Looking forward to the summer like you wouldn’t believe.
I’m putting it down to experience. In 34 years of motorbike riding I reckon I’ve never made a bad choice. Until now.
Firstly let’s clarify something: it’s not a bad bike but it’s not a nice bike to ride. Sure it’s got loads of legroom, is comfy enough to ride for longer than most sports bikes but there are things that cumulatively make it not nice to ride.
I’ve mentioned the brakes before and even after me bleeding them, a workshop bleeding them and me swearing at them they never ever inspired the confidence one expects from a sports bike. Neither did the handling.
Early on I threw the bike left on a road I know very well and fuck me if the front end didn’t fold up like a pair of scissors. I put it down to the utterly desperate suspension settings of the previous owner but after changing them almost weekly I could make the bike ride better but not handle like I wanted it to. It tucked the front again on another occasion and that was the beginning of the end as far as I was concerned.
Another thing that stuffed its handling up was the engine. Now I’m sure there are Desmo riders the world over that love the thumping warble of the power delivery but I’m not one of them. It never felt like anything other than a bag of spanners and when it’s being delivered cranked over the whole bike felt out of sorts.
The bike DID handle nicely but I couldn’t take it out of my own comfort zone and into the place where other bikes could laugh at me when I thought I was riding like Rossi when in actual fact the bike could have gone much harder. So that meant I only ever rode it within what I felt it was capable of which was not anywhere near the capability of the R1, the GSX-R, the ‘Blade which were its (much older) predecessors.
That power delivery was behind one other thing I disliked: it was very awful at low speed meaning the act of pressing the button to open my garage door as I arrived home was nigh on impossible.
Ergonomically it was wank. Pretty typically Italian I suppose, but these things are made by Audi now - which explains its reliability and finish being so good. The indicator switch was slightly out of place and to engage the hazards you held the left turn over. This was due to the switches for the onboard computer taking up space on the bars.
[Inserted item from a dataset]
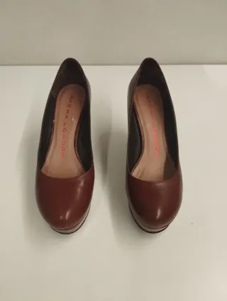 Elegantes zapatos de piel con plataforma y tacón. Utilizados solo una vez por una modelo para el catálogo de mobiliario de decoración .Interior de plantilla 22,5 x 7,5 Tienen una pequeña marca que se puede ver en la imagen - Material exterior de piel interior también forrado en piel - Diseño de plataforma forrada en charol color más claro de 2,5 cms de altura - Tacón alto de 10 CMS

Similarly the headlamp flasher was too long, was impossible to flash without leaving the main beam on and cancelling the indicators often resulted in turning on the main beam due to the aforementioned shit position of the indicator switch and the overly long pass switch (which is what the main beam switch is called on bikes as we’re going to pass your car .
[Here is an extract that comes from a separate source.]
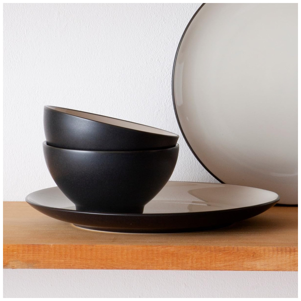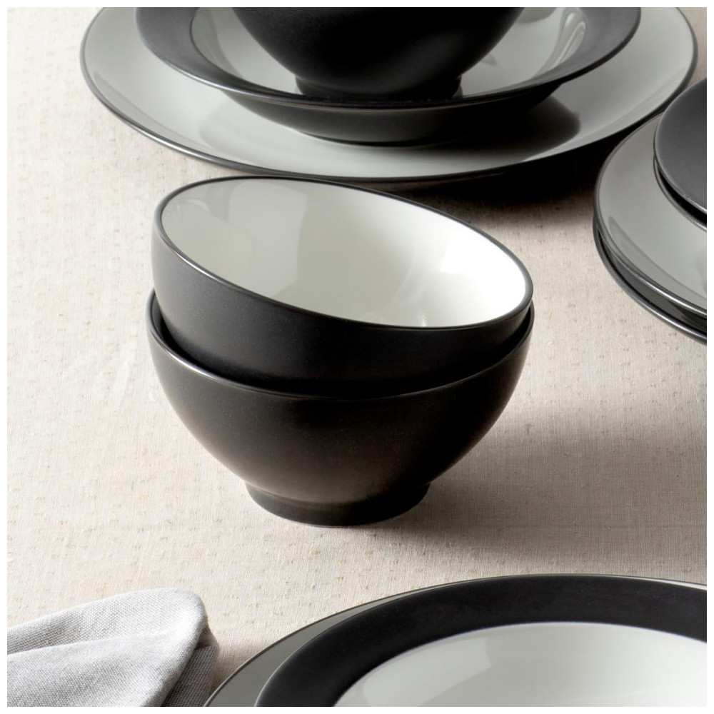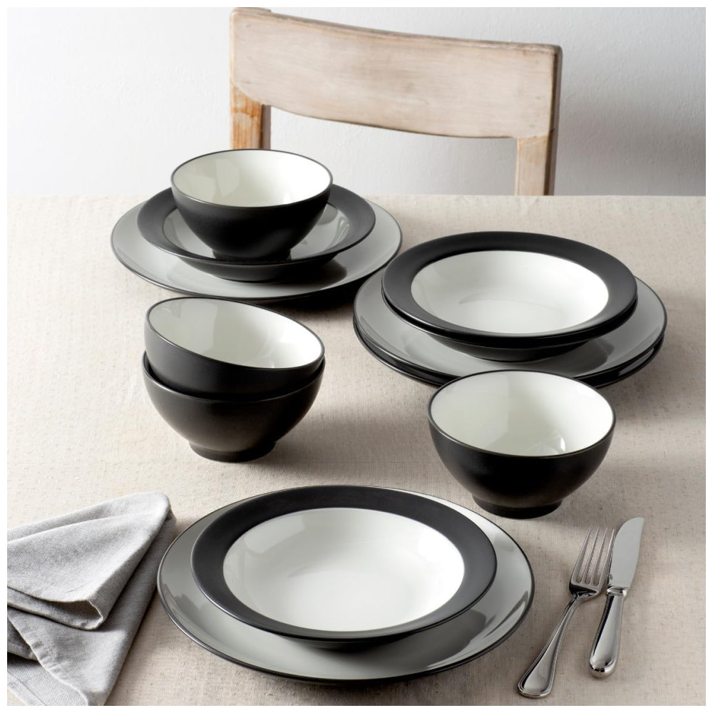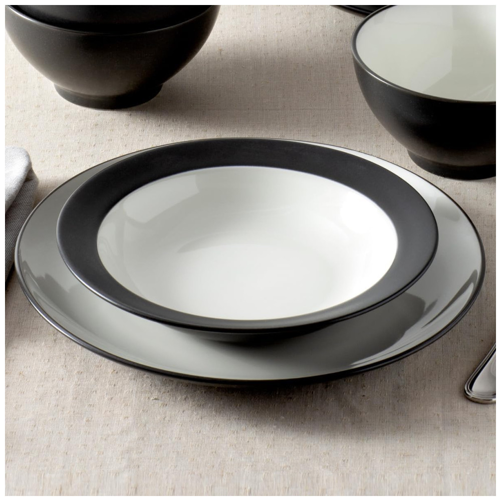 Aparelho de Jantar Elegância e Sofisticação para Sua Mesa com 12 Peças Formato Redondo e Material de Cerâmica Noritake Branco e Preto

So the replacement. A BMW S1000RR. As an immediate comparison I took it for a test ride last week and before I left Vines of Guildford’s forecourt I’d made my mind up. It’s like being on a magical telepathic carpet by comparison. Yes it’s got 199 bhp, cruise control and active suspension but bollocks to that. I got to the parabolic turn that leads on to the A3 to Ripley and it was on rails. In Ripley at the Shell roundabout I tipped it in and hey: it laughed at me like a proper sports bike should on the road with a 50 yo rider in a Rukka suit trying to look cool.
Looking forward to the summer like you wouldn’t believe.